Devrimin hemen sonrasındaki parlamento ve başkanlık seçimlerinde tüm ülkeye yayılan tartışmalar eşliğinde sandığa giden Mısır halkı sadece 3 yıl sonra sandıktan tüm umudunu kesmiş durumda. Bilhassa da devrimin katalizörü olan gençler dahi günlük huzurlarını koruyabilmenin tek yolu olarak apolitikleşmeyi görüyor. Gece gündüz daha iyi bir sistem için tefekkür etmiş olan gençler artık umutsuz bir boşluğa düşmüş durumda. Politikadan bahsetmek dahi zaman kaybı artık birkaç yıl öncenin ateşli siyaset münazaracıları için.
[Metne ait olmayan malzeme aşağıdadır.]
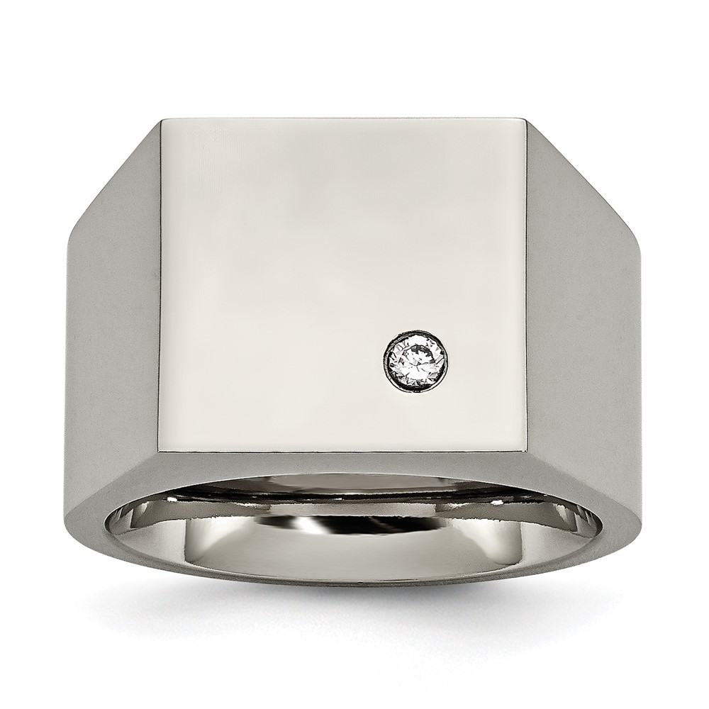 Chisel Titanium Polished CZ Signet Ring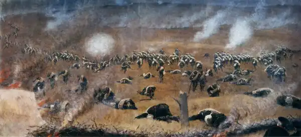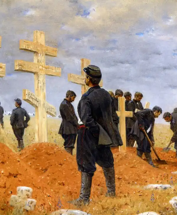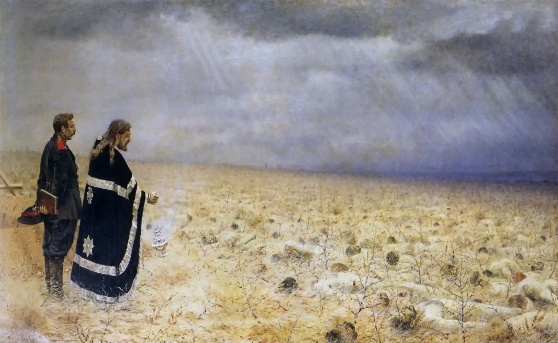 В июне 1877 года вместе с экипажем миноносца “Шутка” Верещагин участвовал в атаке на турецкий пароход-фрегат, во время которой получил серьёзное ранение. За неудачную, но героическую попытку лейтенанта Н.И. Скрыдлова, товарища художника по Морскому кадетскому корпусу, потопить турецкий монитор Верещагин едва не поплатился жизнью. Выздоровление в бухарестском госпитале было долгим, но закончилось благополучно, во многом благодаря заботе сестёр милосердия, и уже в конце лета художник вернулся в действующую армию. Добравшись до ставки великого князя Николая Николаевича, флигель-адъютантом которого он состоял, Верещагин принял участие в третьем штурме Плевны. Крепость была укреплена турками, две попытки взять её малыми силами оказались неудачными. Штурм, назначенный на 30 августа в честь тезоименитства Александра II, стоил русским войскам тяжёлых потерь и завершился бесславным поражением. Художник был глубоко потрясён увиденным и пережитым в трагические дни “третьей Плевны”, но душевная рана стала ещё глубже, когда он узнал, что во время штурма погиб его младший брат Сергей, а брат Александр ранен. Верещагин вспоминал, как спустя три с половиной месяца, когда Плевна наконец сдалась, М.Д. Скобелев заказал отслужить панихиду по погибшим на редуте, отбившим пять яростных атак противника. Михаил Дмитриевич рассказывал: “Чтобы легче идти на штурм, взбираться на высоты, солдаты побросали шанцевые инструменты”, а когда турки напали, им пришлось рыть окоп штыками и голыми руками. Они успели выкопать только малую канавку, как подоспевшие турки подняли на штыки русских воинов. Скобелев “горько плакал над той самой едва заметной канавкой, рытой пальцами”, а вместе с ним плакали Верещагин и большинство присутствующих.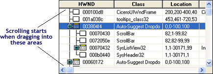 When dragging within the tree control, the drop target will automatically be updated and the data will automatically start scrolling vertically when the mouse cursor moves into the areas marked below. Once the mouse cursor goes beyond those areas, indicating a drag operation outside the tree control, scrolling stops automatically. No application program intervention is required for this to take place. A header or scroll bar is not required. This drag-scrolling support is identical to the drag-scrolling supported by OLE conventions.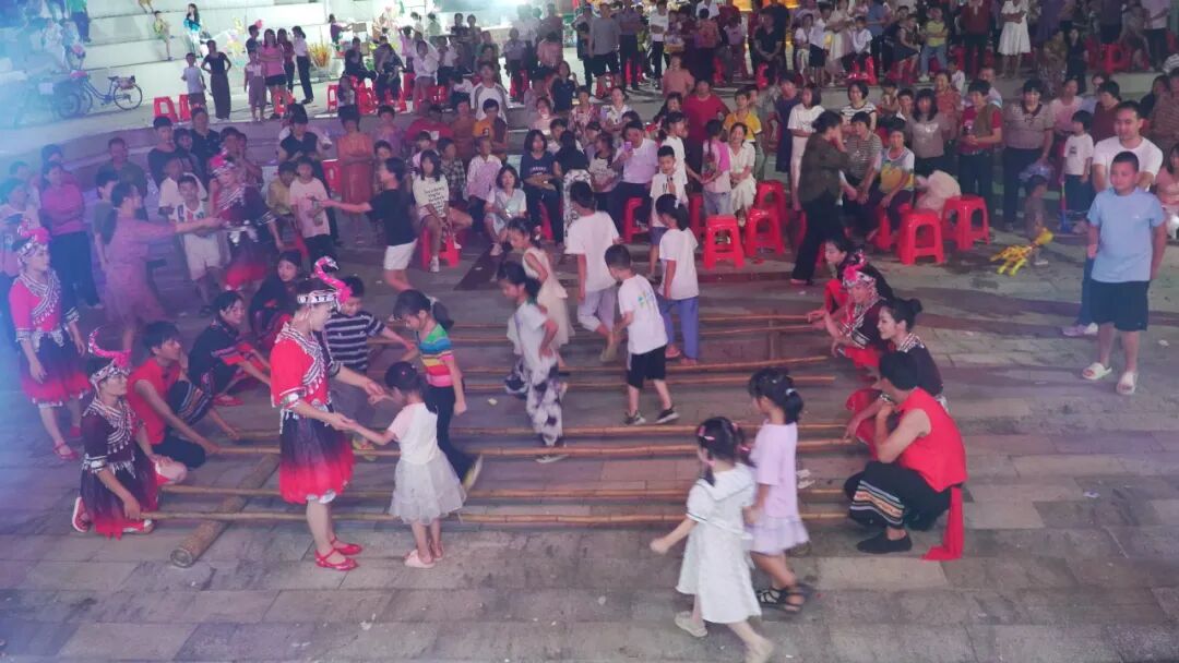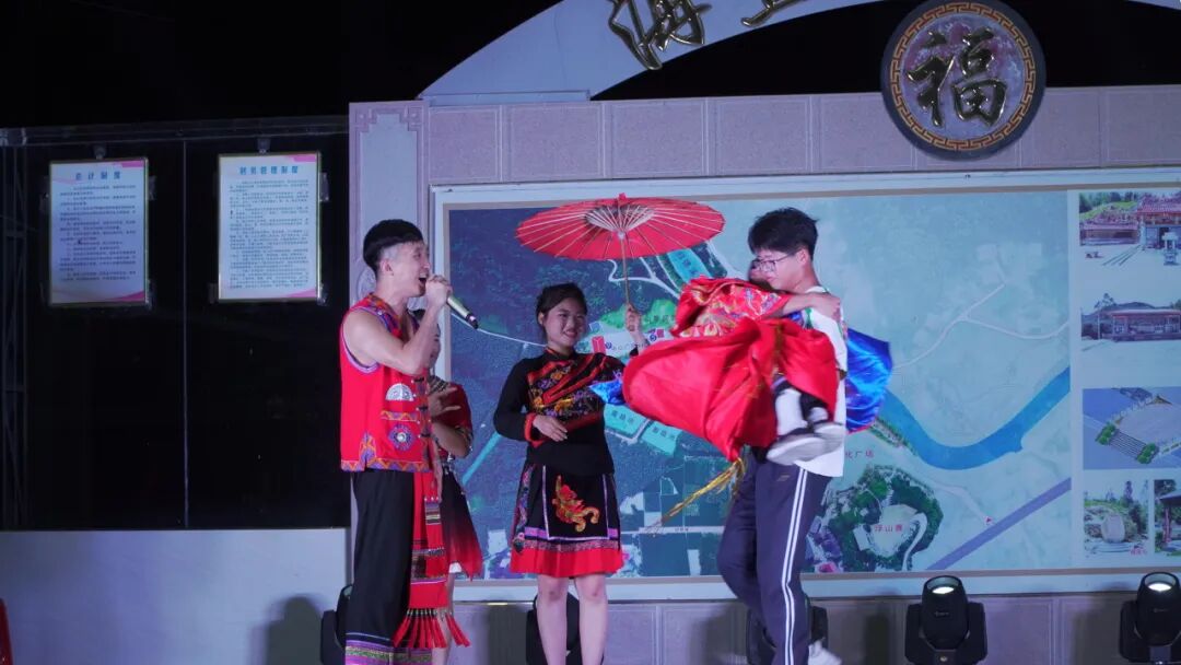 畲族文化互动环节成为晚会高潮。原汁原味的畲族婚嫁表演,不仅展示了畲族独特的民俗风情,更邀请现场观众上台扮演“新郎”“赤郎”等角色,让观众沉浸式体验畲族婚礼的趣味与热闹。竹竿舞则吸引大人小孩踊跃参与,清脆的敲击声与欢笑声交织,现场氛围热烈。

“Mafish Saheb yet Saheb” diye eğlencelerde çalınan meşhur bir pop şarkı var Mısırlılar arasında. Buranın tabiriyle varoş kültürü denebilecek bir şarkı olsa da aslında sözlerinin içeriği bakımından son derece yalın bir şekilde Mısır halkının durumunu anlatan bir şarkı. Anlamı da “dost olabileceğin bir dost yok”. Şimdilerde bu şarkının sözlerini seçimlere uyarlıyorlar, “Mafish Naheb yet Naheb” şeklinde. Yani oy verecek bir seçmen yok ki oy versin. Yazının özeti de budur.